# Help Front air ride wont fill up



## 96jettatrekdawg (Sep 12, 2011)

So 1 can not figure out why both front bags wont fill up with air? This is a friends car he used a junp pack for a few days until he got to buying a new battery. I installed battery and air ride started to work again perfectly for 3 days straight! Then out of nowhere it lost all its air and is flat 0psi up fron. Sounds like rear is leaking slowly? I am stuck I thought the relay but couldnt even find it under dash 
?  Oem air suspension blows!


----------



## 96jettatrekdawg (Sep 12, 2011)

it is hissing coming out of front passenger wheel well but i do not feel air? could it be 1 bad bag or maybe sensor is stuck? Or is the dump valve stuck open? Also the blinkers only work when they want to and the traction control doesnt work either? Hope it isnt a electric gremlin!


----------



## AndyTR32 (Jun 4, 2003)

Check passenger foot well for moisture. If there's moisture, it's a clogged drain under the battery. The blinker and air suspension issues could be totally separate. Water in the footwell will cause weird electrical issues. Stability and comfort modules are located there.


----------



## 96jettatrekdawg (Sep 12, 2011)

well I di check all that actually just replaced the battery like I stated and Cleaned entire inside of cowl while in there. Also no moisture on passenger floor board either? Car is still at 0 psi for my poor customer! 
Wonder if the air ride computer went bad? would that be why it sits at 1 set height consistently?


----------



## jdonovan26 (Apr 1, 2009)

You could have a bad bag. With the car on and compressor pumping (does the compressor turn on) spray the bags with something that will bubble so you can see leaks.
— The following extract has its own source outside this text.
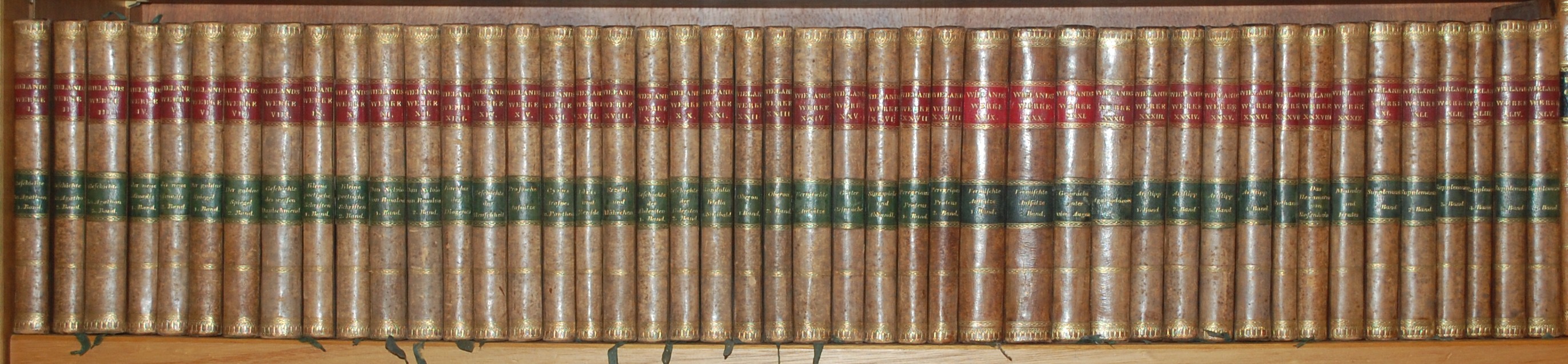 Wieland, C(hristoph). M(artin). Sämmtliche Werke. 45 Bde. Carlsruhe, Bureau der deutschen Classiker 1814-18. OHLdr. m. je 2 verg. RSch. u. R.-Fileten (nur minimal berieben u. bestoßen). Goed. IV 1, 573, 190y. – Sammlung der vorzüglichsten deutschen classischen Schriftsteller und Dichter. – Bd. XL – XLV sind die Supplement-Bde. 1-6. – Nur sehr wenige Bde. teils ganz minimal stockfleckig, wenige Lagen in 2 Bdn. mit schwachem Überdruck einer anderen Lage. – Sehr dekorative Reihe.

If you don't see leaks check the relay under the dash, if you look on here there are instructions. 

Check the air line on the compressor, if the nut is loose you'll lose all your pressure there. 
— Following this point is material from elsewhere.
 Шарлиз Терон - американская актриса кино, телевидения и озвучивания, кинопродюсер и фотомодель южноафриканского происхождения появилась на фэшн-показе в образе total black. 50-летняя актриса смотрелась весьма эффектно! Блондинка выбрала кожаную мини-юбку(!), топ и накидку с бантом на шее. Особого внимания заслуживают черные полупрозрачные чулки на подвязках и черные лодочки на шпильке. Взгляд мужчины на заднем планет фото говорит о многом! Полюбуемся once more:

Sent from my iPhone using Tapatalk - now Free


----------



## 96jettatrekdawg (Sep 12, 2011)

i got a new relay but dont know what one it is under the dash? i suck lol gonna keep searching for the write up. thanks for the ideas will check all bags and lines the front right bag makes a hissing maybe the line leaking?


----------



## 96jettatrekdawg (Sep 12, 2011)

so i replaced the front passenger air strut there was a small pin hole tear in it and then air suspension started to work again. gave the guy his car back and he called me today to tell me the air ride is not functioning?:thumbdown:


----------